In August 2021, Lori Bender became the new coordinator for SelfDesign Home Learning, our home-schooling option for families seeking even more independence than our kindergarten-to-grade 12 option, SelfDesign Learning Community. SelfDesign Home Learning is our most flexible learning option for families who wish to take on the responsibility for their child’s education and are not concerned with BC Ministry of Education and Child Care requirements.

Lori has worked behind the scenes in different administration and support roles at SelfDesign for many years, where she has supported programs, offerings, learners, families, educators and other SelfDesign contractors. She is also the steward of Subscriptions offerings, the suite of online learning subscriptions that we make available to learners free of charge each learning year. She is the server administrator for SelfDesign Learning Community’s popular Minecraft group. In that role, she helps the group’s educator–facilitator Michael (and her spouse) support the 60–100 SelfDesign learners who use the role-playing video-game platform each year to collectively negotiate how to design and build communities in SelfDesign’s own Minecraft world. Previously, she moderated SelfDesign’s Village of Conversations, a safe, secure online forum we offered until recently that served as a gathering place for our community members to connect with each other.
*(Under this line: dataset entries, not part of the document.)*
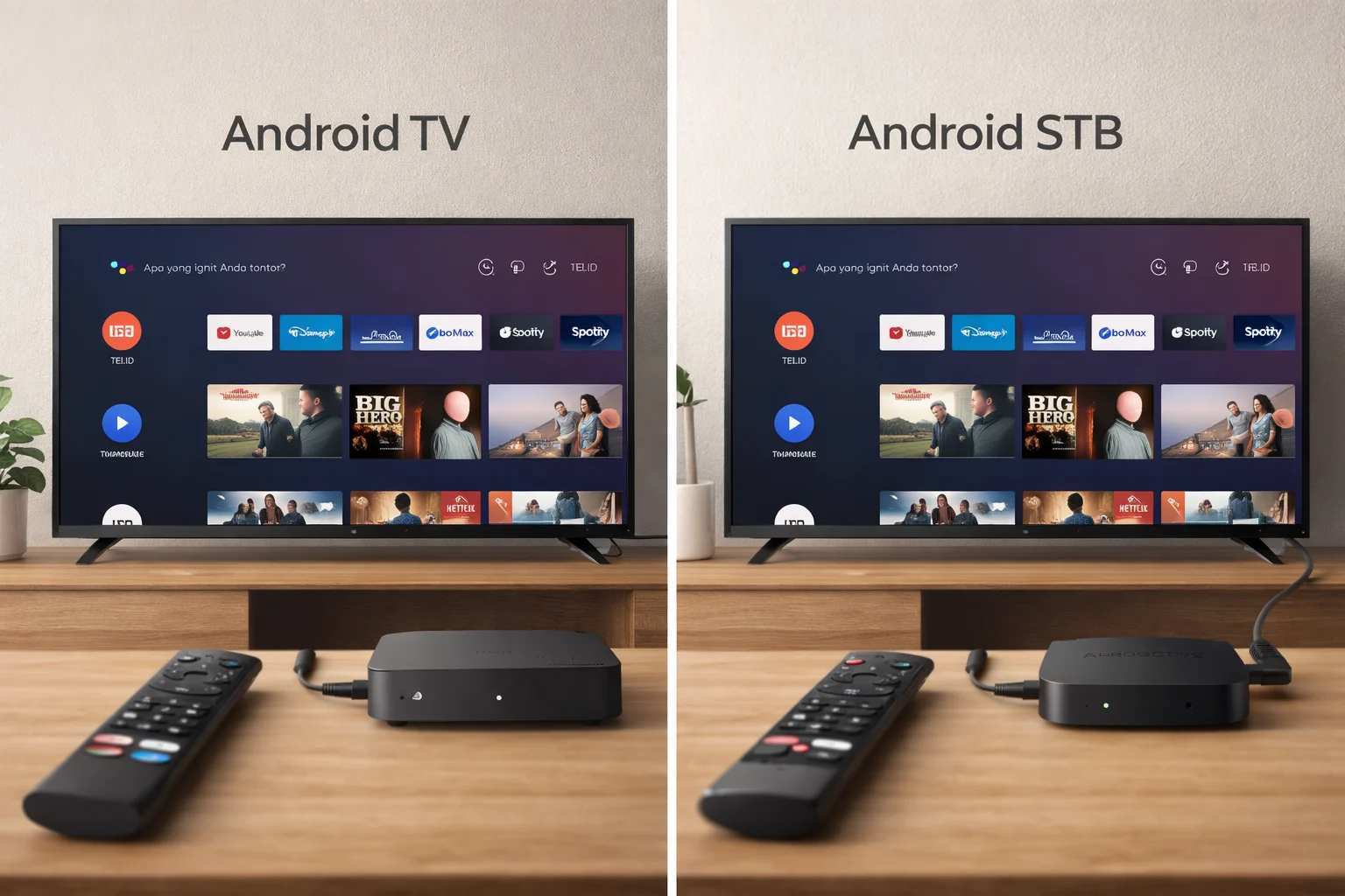 Sementara itu, STB Android adalah perangkat eksternal yang dihubungkan ke TV melalui HDMI. Fungsinya adalah mengubah TV biasa menjadi Smart TV dengan kemampuan menjalankan aplikasi berbasis Android.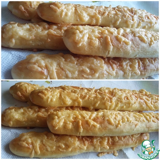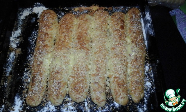 Отличные палочки, получились с первого раза, хотя с дрожжевым тестом не дружу особо. Сверху посыпала сыром и кунжутом. Подсели на них всей семьей, скоро в двери проходить перестанем))))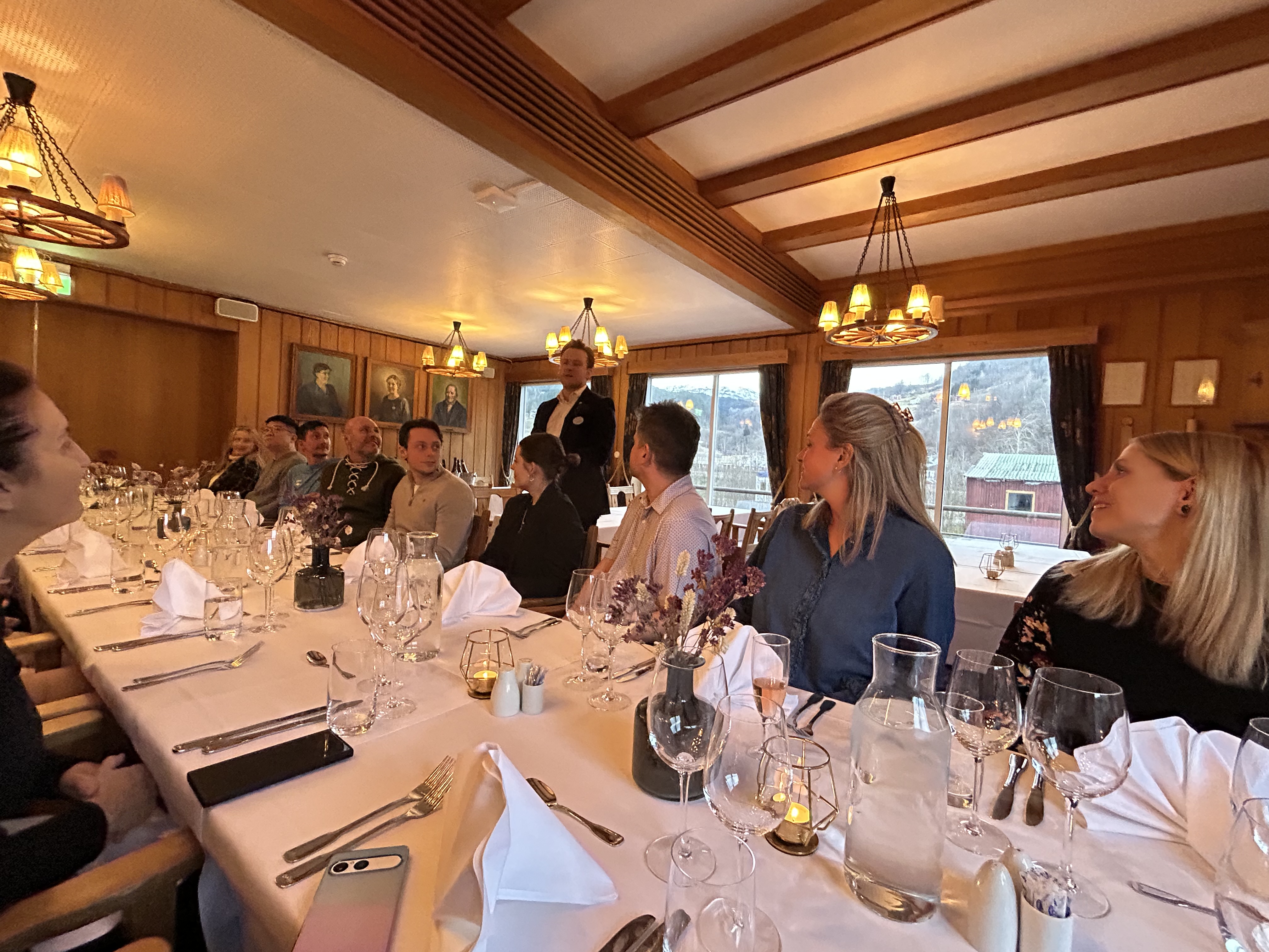 Kvelden vart avslutta med flott middag i den eldste og mest historiske delen av restauranten på Brakanes Hotel, maten var utsøkt og servicen var makalaus. Gjestene var særs nøgde med heile opplevinga. Det var også song og underhaldning under middagen.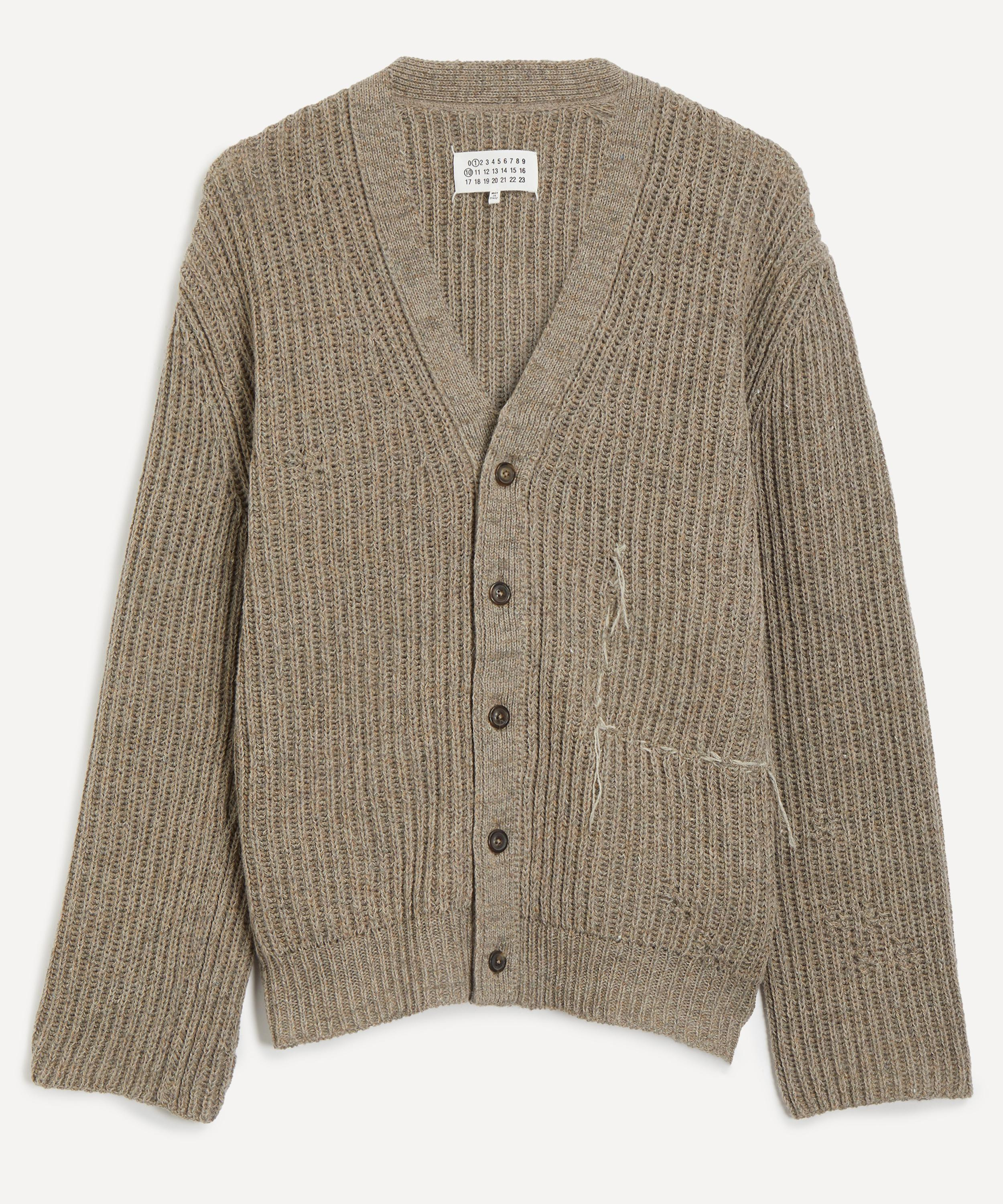 DETAILS Wool-blend cardigan Loose fit Dropped shoulders Long sleeves V-neckline Button closure Tonal buttons Ribbed trims Distressed detailing Signature four stitches at the back SIZE & FIT Model is 175cm/5'9"; Chest: 77cm; Waist: 57cm; Hip: 87cm and wears a size S COMPOSITION & CARE 51% Virgin Wool; 47% Cotton; 2% Other Fibres Dry clean

In addition, she is the parent of two learners who, at different times, chose SelfDesign Learning Community and SelfDesign Home Learning for their learning journeys and have since gone on to their adult lives.
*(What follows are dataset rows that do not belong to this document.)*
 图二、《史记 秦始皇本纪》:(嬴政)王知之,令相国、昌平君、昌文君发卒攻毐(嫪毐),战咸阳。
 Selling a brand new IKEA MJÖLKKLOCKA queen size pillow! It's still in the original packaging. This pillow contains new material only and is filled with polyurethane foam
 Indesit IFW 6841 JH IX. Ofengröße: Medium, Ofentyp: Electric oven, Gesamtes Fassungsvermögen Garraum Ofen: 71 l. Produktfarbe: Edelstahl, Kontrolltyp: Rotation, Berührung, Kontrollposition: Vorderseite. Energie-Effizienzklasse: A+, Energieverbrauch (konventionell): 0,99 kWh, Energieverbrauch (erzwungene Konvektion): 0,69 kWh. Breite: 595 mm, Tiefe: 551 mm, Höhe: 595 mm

With that diversity of experience with SelfDesign has come considerable insight. In this interview, Lori talks about her SelfDesign experience and shares some of the insights she has gained from it. We also learn more about Lori herself.

The interview has been edited for length and clarity.

SelfDesign (SD): What was your journey to SelfDesign?

Lori: I have a one-year certificate in Horticulture and took a year in college to do general courses, including psychology, which is a subject that fascinates me. I love computers and learned on my own how to work with communities online, as there was no such thing when I started. My past employment includes a horticulture adventure in a wholesale plant nursery, four or so years with a large, city daycare, and then self employment with my own daycare at home when I had young children.

SD: What brought you to SelfDesign?

Lori: A wonderful friend brought me to SelfDesign. She said that what I was doing with my children with home schooling was very similar to what SelfDesign does in their educational philosophy. Having an educator to be that bridge between my children and the BC Ministry of Education and Child Care seemed like the most supportive choice to make.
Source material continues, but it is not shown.